War Games and the Man Who Stopped Them

Sorry, I can’t not love this subject matter.

IMDB Plot Synopsis A story about Colonel Ryszard Kuklinski, a talented strategist who became not only privy to the most heavily guarded strategic plans of the Warsaw Pact in the 1970s, but in fact drew up those plans himself.

  1. Synopsis fail: the important thing is not that Kuklinski drew up those plans but that he gave those plans to the CIA over a period of nine years, ultimately playing a large part in the downfall of the Soviet Union. Or so this film posits. As I discovered earlier this week, porn on Finnish television also apparently led to the downfall of the Soviet Union.
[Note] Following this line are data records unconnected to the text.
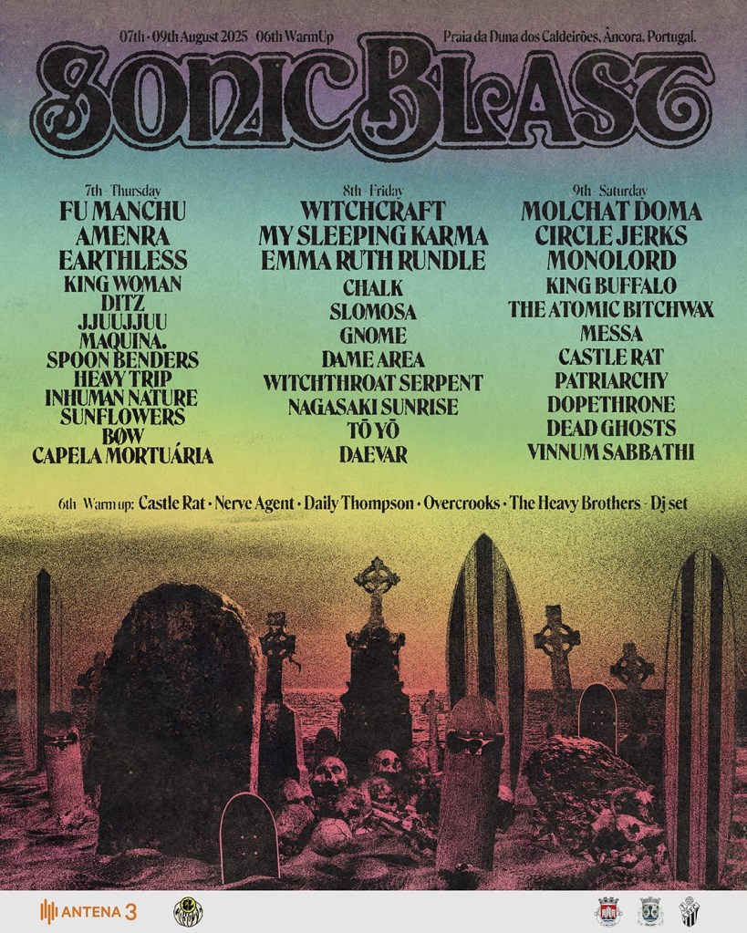 Polo tanto, con inmenso orgullo e entusiasmo presentámosvos a lista final de bandas para o Sonic Blast Fest (+ quecemento) 2025: Molchat Doma, Circle Jerks, Witchcraft, Earthless, Fu Manchu, Amenra, Emma Ruth Rundle, King Woman, Monolord, Heavy Trip, MAQUINA., Chalk, Ditz, King Buffalo, Slomosa, Messa, My Sleeping Karma, Castle Rat (x2!), Dopethrone, JJUUJJUU, Inhuman Nature, Dead Ghosts, Patriarchy, Gnome, The Atomic Bitchwax, Dame Area, Spoon Benders, Witchthroat Serpent, Vinnum Sabbathi, Tō Yō, Daevar, Sunflowers, Nagasaki Sunrise, B∅W, Capela Mortuária, Daily Thompson, Nerve Agent, Overcrooks.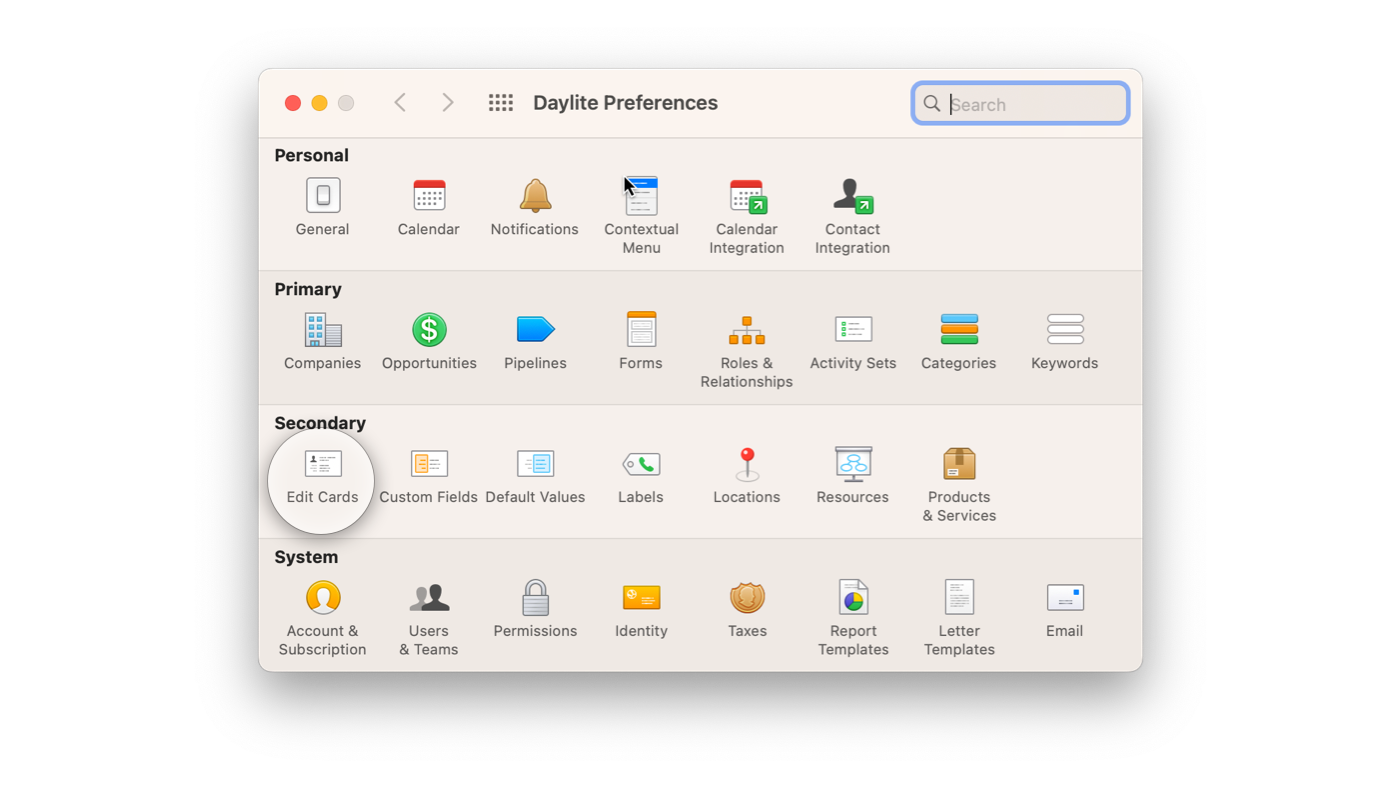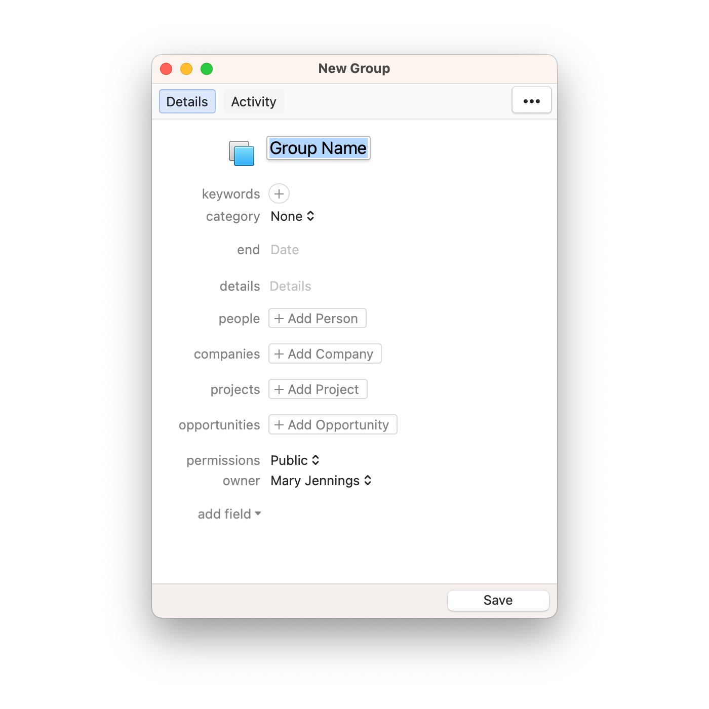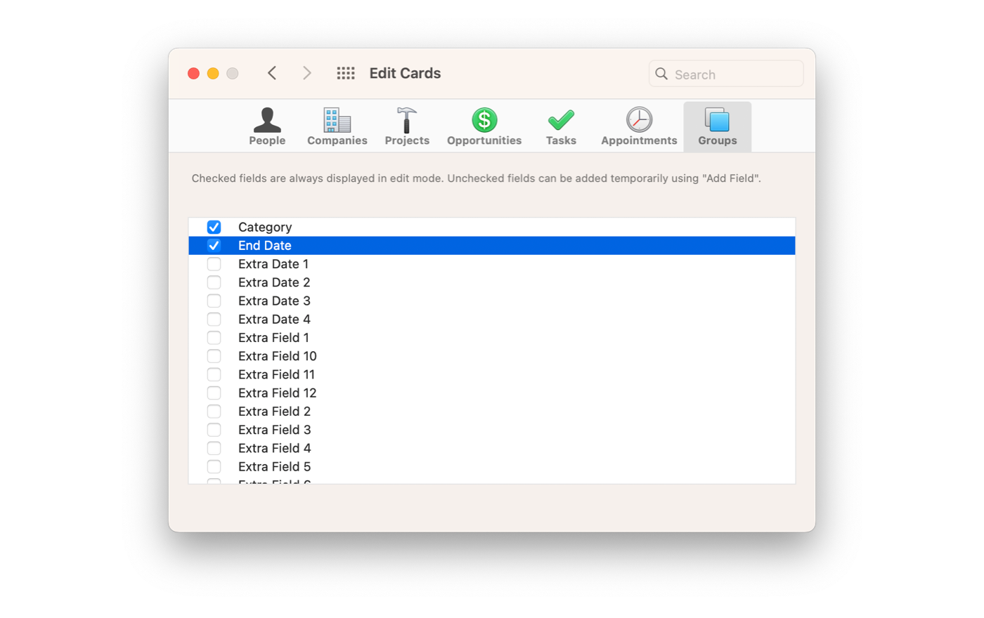By default, Daylite displays the most commonly used fields for Groups. However you can choose to use other fields that are available. Groups also has twelve Extra Text fields and four Extra Date fields.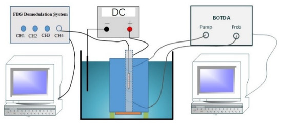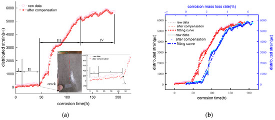 Figure 12a) after continuing to carry on the corrosion experiment. It is also found that the influence of the factors such as current adjustment and sealant leakage on the fiber strain before the crack of concrete are eliminated after temperature compensation(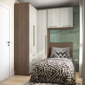A Linha Modulada Connect foi desenvolvida se adequando a vários espaços, de grandes a pequenos. Seus Roupeiros e Módulos com 236 cm de altura oferecem divisórias para atender diversas necessidades. Seus módulos com portas tem profundidade de 54cm possibilitando acomodar roupas sem amassar. Produzido em MDP de 15mm, dobradiças reforçadas em 35mm e corrediças telescópicas em todas as gavetas que possibilitam abertura total. Para esta proposta usamos as medidas de parede: Lado Cabeceira 190cm X 133cm.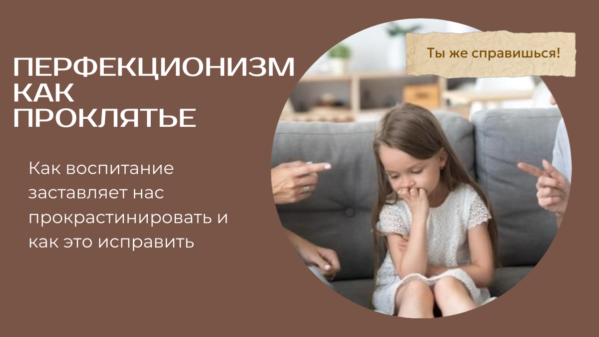 «Сядь и сделай!», «Не позорь нас!», «Ты можешь лучше!» — эти фразы из детства, как вирус, живут в голове. И именно они часто заставляют нас годами откладывать важные дела. Разбираемся, как родительские установки превращают нас в прокрастинаторов, и как вырваться из этого круга. „Ты же справишься!“: Перфекционизм как проклятие Представьте: ребенок получает «четверку» и слышит: «Почему не пятерку?». Во взрослой жизни такой человек будет бесконечно редактировать отчет, боясь «неидеальности», а потом… просто не отправит его. Брене Браун, исследовательница уязвимости, пишет: «Перфекционизм — это не про рост. Это про страх, что нас не примут такими, какие мы есть». Статистика жестока: 68% прокрастинаторов связывают свое поведение со страхом сделать что-то «недостаточно хорошо» (исследование Университета Карлтона). А корни этого страха — в установках «ты должен быть лучшим», заложенных в детстве. Что делать?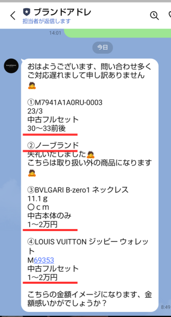 ブランドアドレの口コミを調べると、評判が悪い理由の一つにLINE査定の返信がないことが挙げられていました。一方で買取は評価が高く、減額なしでどこよりも高額だったという声が多かったです。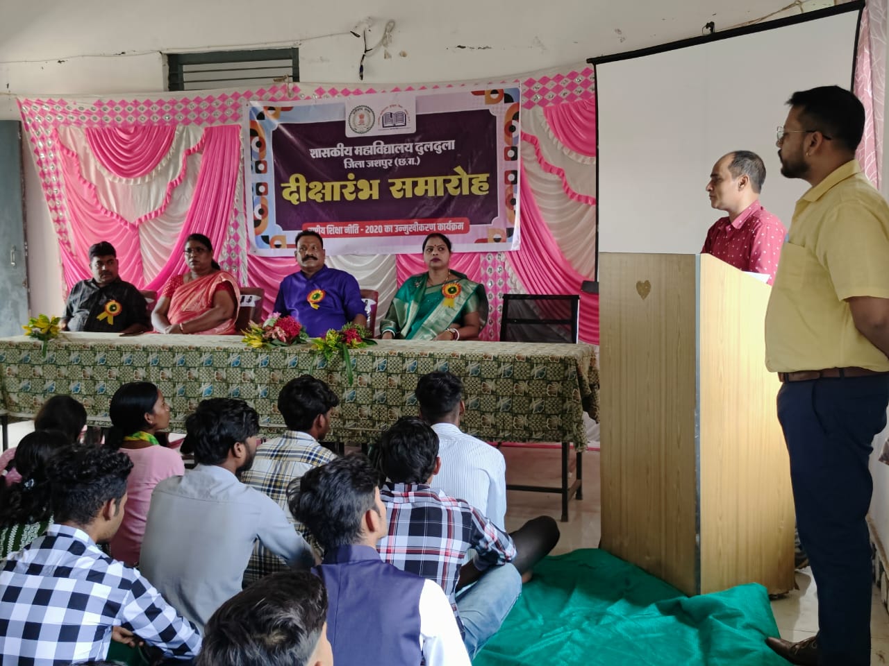 जशपुरनगर : छत्तीसगढ़ उच्च शिक्षा विभाग के निर्देशानुसार राष्ट्रीय शिक्षा नीति के प्रचार-प्रसार एवं छात्रों में इस नीति से संबंधित प्रश्नों का उत्तर देने के लिए शासकीय महाविद्यालय दुलदुला में आज को दीक्षा आरंभ समारोह का आयोजन किया गया। समारोह में नव प्रवेशित प्रथम वर्ष के छात्र-छात्राओं को तिलक लगाकर महाविद्यालय में औपचारिक शिक्षा ग्रहण करने हेतु महाविद्यालय परिवार से जोड़ा गया।

Opinions are varied on this subject, apparently.
  2. I really don’t know enough about Polish history. Despite the obvious monopoly European history plays on history classes in North America, you only ever learn about Poland in the context of the Holocaust — which is to say, you get a five year window in which a small segment of the population is discussed. Cold war dialogue is dominated by the U.S. and the U.S.S.R. so, again, you hear very little about anyone else. (Solution: I need to read more books.) Speaking of which, the Polish Army Museum is one of the better museums I’ve ever been to and definitely worth a look if you’re ever in Warsaw.
  3. I nodded off for a bit at the start because I was apparently very tired, but once I woke up I found the movie pretty engaging. As is probably evident, I love the cold war, espionage, intrigue, communists, etc. and so this movie obviously fed into that in a major way.
  4. I’m quite convinced they stole the piano score from JFK. Even weirder still was that young pictures of Kuklinski looked like Gary Oldman as Lee Harvey Oswald in JFK, so my mind kept making weird parallels between the two and each individual’s role in the grand scheme of political super powers and who was a patsy and who wasn’t, etc.
  5. The weird montages of historical footage and maps shown from inside of a fake control room were not great and didn’t really fit in with the rest of the movie. I could have done without the animated sequences as well.
  6. There were a couple of shots of the Palace of Culture and Science for all the Stalin-hating Poles in the audience. This building kills me.
  7. Kuklinski was cremated and had an amazing wooden urn with a fabulous Polish crest on it.
  8. They were able to assemble a really impressive collection of top-level Polish generals, CIA operatives, and other people involved with such highly classified politics. The director said during the Q&A that at first most of them refused to participate and but when one of them got suckered into it by saying he wasn’t scared to appear in the film, the rest of them followed suit in an obvious display of silly machismo.
  9. I really hate Q&A moderators who can’t even repeat audience questions properly. Summarising a long-winded question is one thing; completely missing the point of the question is another.
  10. IMDB suggests that if I like this movie, I will also enjoy The Sum of All Fears, Goldeneye, and… Gene Kelly: Anatomy of a Dancer.